An exact reproduction of the records is required. Images must be left out.

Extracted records
-------------------------
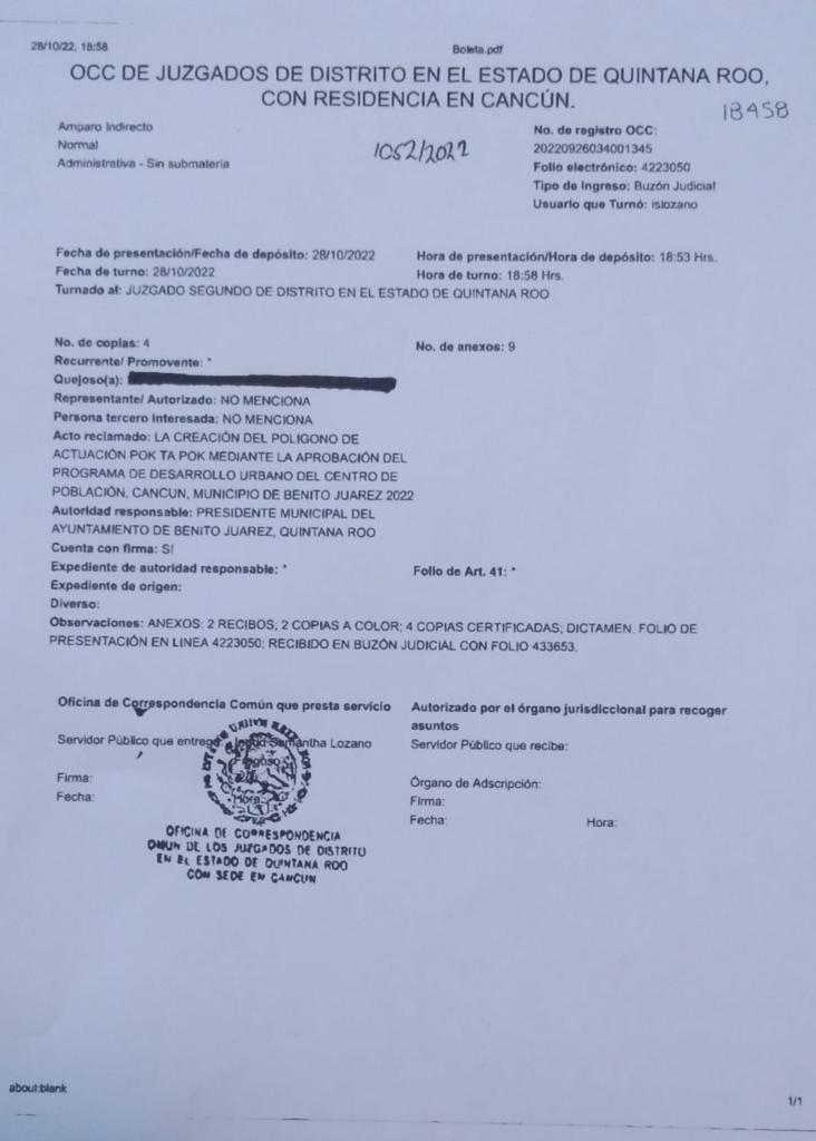 Cancún (Marcrix Noticias).- Como resultado del acercamiento de un grupo de vecinos del Polígono Pok Ta Pok a la Asociación Opus Magnum de México, el pasado 9 de noviembre de este 2022, el Juzgado Segundo de Distrito concedió la Suspensión Provisional derivada del amparo 1062/2022, con efecto de suspender la emisión de licencias de construcción y/o ampliación de edificaciones en el polígono “Pok Ta Pok”, derivado del Programa Municipal de Desarrollo Urbano del Centro de Población Cancún (PDU 2022).
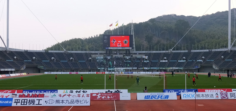 なんと水前寺競技場でゴンちゃんのハットトリック見て以来の熊本でのリーグ戦。しかも我が赤馬衆の対戦相手として戦うことになるとは。
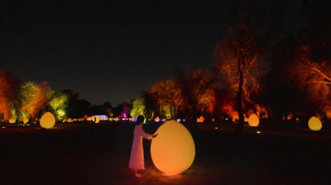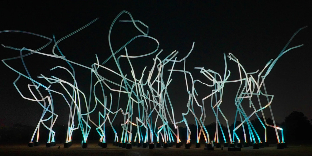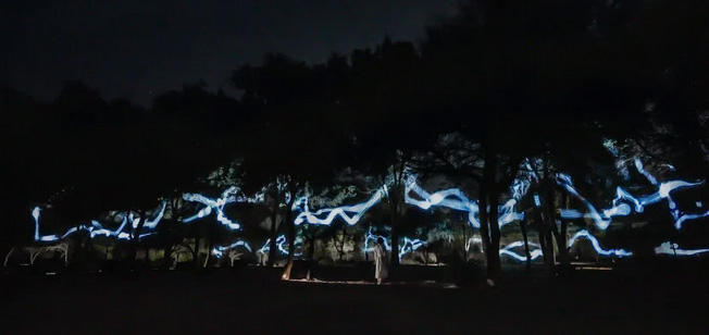 Samaliyah Island becomes the temporary home of teamLab’s Mangrove Island of technicolor light installations, starting with Life is Continuous Light. Visitors pass through the illuminated mangrove forest, and as they walk on, the forest glows even brighter and produces a tone. The light emitted by the series of trees spreads out until the last tree glows in the dark and hums the same soft tone. A continuous and unicursal Spatial Calligraphy is also drawn in the forest where several strips of light intersect and rotate in multiple layers before they eventually disappear.
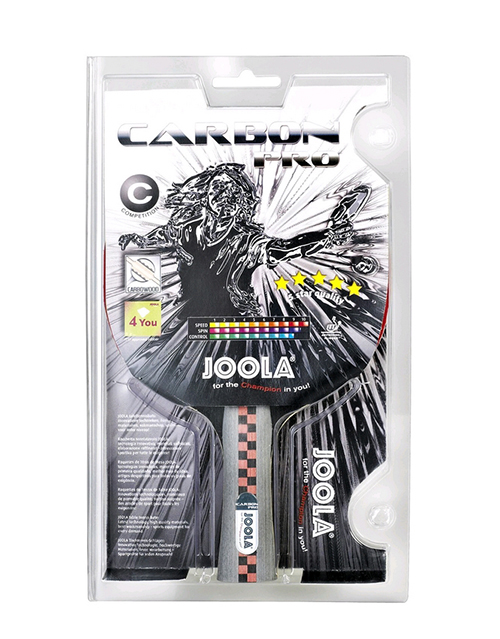 Данная ракетка привлекает внимание любителей тенниса прежде всего наличием конкавной ручки, удобной во всех смыслах. Не меньший интерес вызывает использование для накладки высококачественной резины 4You, одобренной для использования международной спортивной ассоциацией ITTF. В составе ракеток для настольного тенниса Carbon Pro такая резина располагается обязательно шипами внутрь. Между внутренней основой и накладочным слоем обычно располагается губка толщиной 2,0 мм. Основание представляет собой пятислойную тщательно спрессованную фанеру. Кроме того, фанера усиливается защитными карбоновыми вставками. Такая запатентованная технология носит название CARBOWOOD. Конкавная форма ручки обеспечивает максимальный эффект взаимодействия. Вес готового изделия составляет 174 грамма. Технические характеристики ракетки для настольного тенниса класс C таковы: скорость движения мяча достигает 98 процентов — максимально возможная отметка. Кручение возможно на уровне 92 процентов, максимальный контроль мяча равен 86 процентам. Изделие всегда в наличии в каталоге компании Joola. Производитель: Joola (Германия). Компания Joola начала свою деятельность в 1952 году, и с тех пор считается лидером мирового рынка по качеству производимой продукции. За годы своего существования она прочно укрепилась в своих продажах товаров для настольного тенниса. Управленческие функции в компании, взял на себя Михаэль Бахтлер в 1973 году, поскольку обладает обширными знаниями и имеет большой опыт в этом виде спорта. Именно его Интернациональное сообщество индустрии настольного тенниса выбрало на должность своего президента. Компания Joola неоднократно получала награды за свои разработки и отменное качество производимой продукции. Множество из новинок товаров, перенимают другие компании, что только подчеркивает уровень качества Joola. На сегодняшний день торговая марка Joola, имеет представительства в 30 странах, а товары экспортируются более чем в 55 стран по всему мир
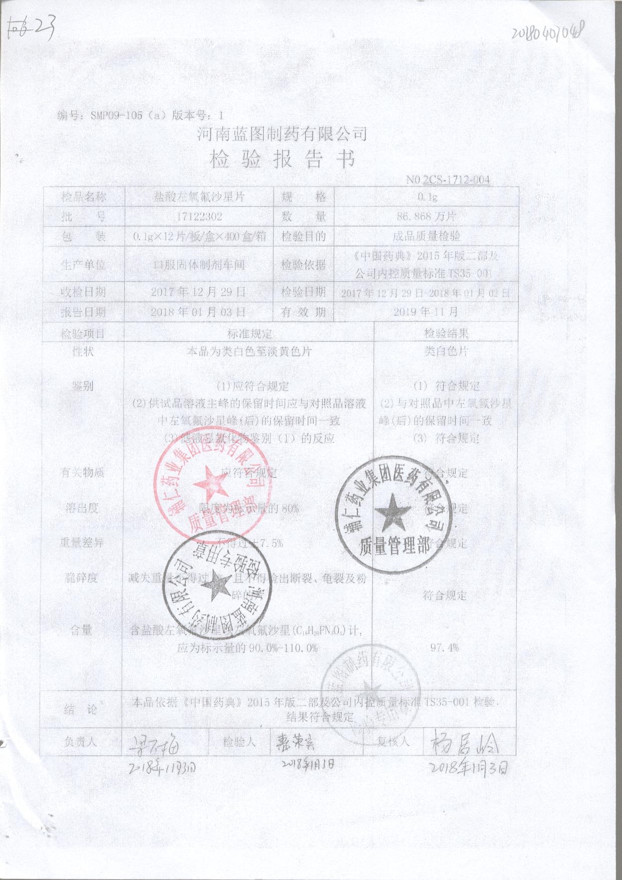鹽酸左氧氟沙星片 0.1g*12片 17122302 查看詳情
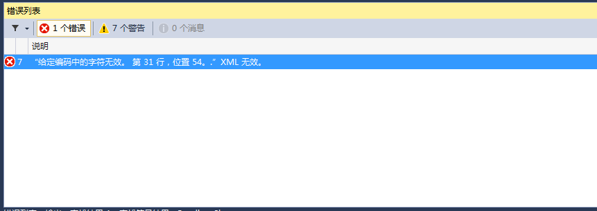 2) compile error: Invalid character specified, line 31, position 54, .'' XML invalid.
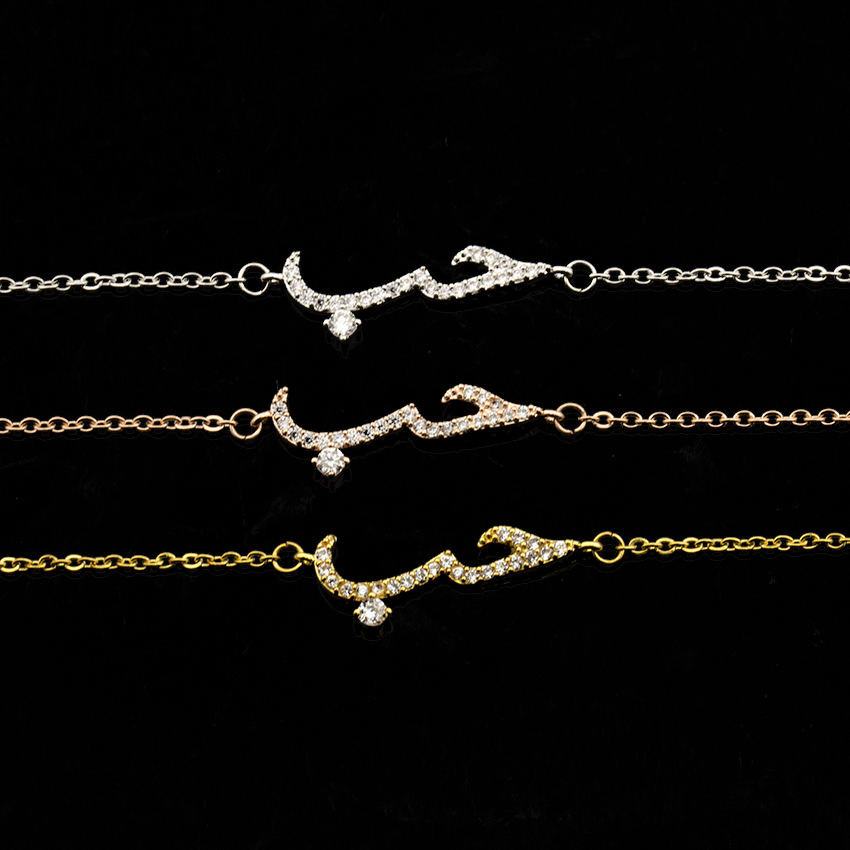 Zircon langue arabe déclaration d'amour collier pour femmes cristaux arabes pendentif collier ras du cou bijoux de mariage cadeaux
-------------------------
* Solution to this task *
 Cancún (Marcrix Noticias).- Como resultado del acercamiento de un grupo de vecinos del Polígono Pok Ta Pok a la Asociación Opus Magnum de México, el pasado 9 de noviembre de este 2022, el Juzgado Segundo de Distrito concedió la Suspensión Provisional derivada del amparo 1062/2022, con efecto de suspender la emisión de licencias de construcción y/o ampliación de edificaciones en el polígono “Pok Ta Pok”, derivado del Programa Municipal de Desarrollo Urbano del Centro de Población Cancún (PDU 2022).
 なんと水前寺競技場でゴンちゃんのハットトリック見て以来の熊本でのリーグ戦。しかも我が赤馬衆の対戦相手として戦うことになるとは。
 Samaliyah Island becomes the temporary home of teamLab’s Mangrove Island of technicolor light installations, starting with Life is Continuous Light. Visitors pass through the illuminated mangrove forest, and as they walk on, the forest glows even brighter and produces a tone. The light emitted by the series of trees spreads out until the last tree glows in the dark and hums the same soft tone. A continuous and unicursal Spatial Calligraphy is also drawn in the forest where several strips of light intersect and rotate in multiple layers before they eventually disappear.
 Данная ракетка привлекает внимание любителей тенниса прежде всего наличием конкавной ручки, удобной во всех смыслах. Не меньший интерес вызывает использование для накладки высококачественной резины 4You, одобренной для использования международной спортивной ассоциацией ITTF. В составе ракеток для настольного тенниса Carbon Pro такая резина располагается обязательно шипами внутрь. Между внутренней основой и накладочным слоем обычно располагается губка толщиной 2,0 мм. Основание представляет собой пятислойную тщательно спрессованную фанеру. Кроме того, фанера усиливается защитными карбоновыми вставками. Такая запатентованная технология носит название CARBOWOOD. Конкавная форма ручки обеспечивает максимальный эффект взаимодействия. Вес готового изделия составляет 174 грамма. Технические характеристики ракетки для настольного тенниса класс C таковы: скорость движения мяча достигает 98 процентов — максимально возможная отметка. Кручение возможно на уровне 92 процентов, максимальный контроль мяча равен 86 процентам. Изделие всегда в наличии в каталоге компании Joola. Производитель: Joola (Германия). Компания Joola начала свою деятельность в 1952 году, и с тех пор считается лидером мирового рынка по качеству производимой продукции. За годы своего существования она прочно укрепилась в своих продажах товаров для настольного тенниса. Управленческие функции в компании, взял на себя Михаэль Бахтлер в 1973 году, поскольку обладает обширными знаниями и имеет большой опыт в этом виде спорта. Именно его Интернациональное сообщество индустрии настольного тенниса выбрало на должность своего президента. Компания Joola неоднократно получала награды за свои разработки и отменное качество производимой продукции. Множество из новинок товаров, перенимают другие компании, что только подчеркивает уровень качества Joola. На сегодняшний день торговая марка Joola, имеет представительства в 30 странах, а товары экспортируются более чем в 55 стран по всему мир
鹽酸左氧氟沙星片 0.1g*12片 17122302 查看詳情
 2) compile error: Invalid character specified, line 31, position 54, .'' XML invalid.
 Zircon langue arabe déclaration d'amour collier pour femmes cristaux arabes pendentif collier ras du cou bijoux de mariage cadeaux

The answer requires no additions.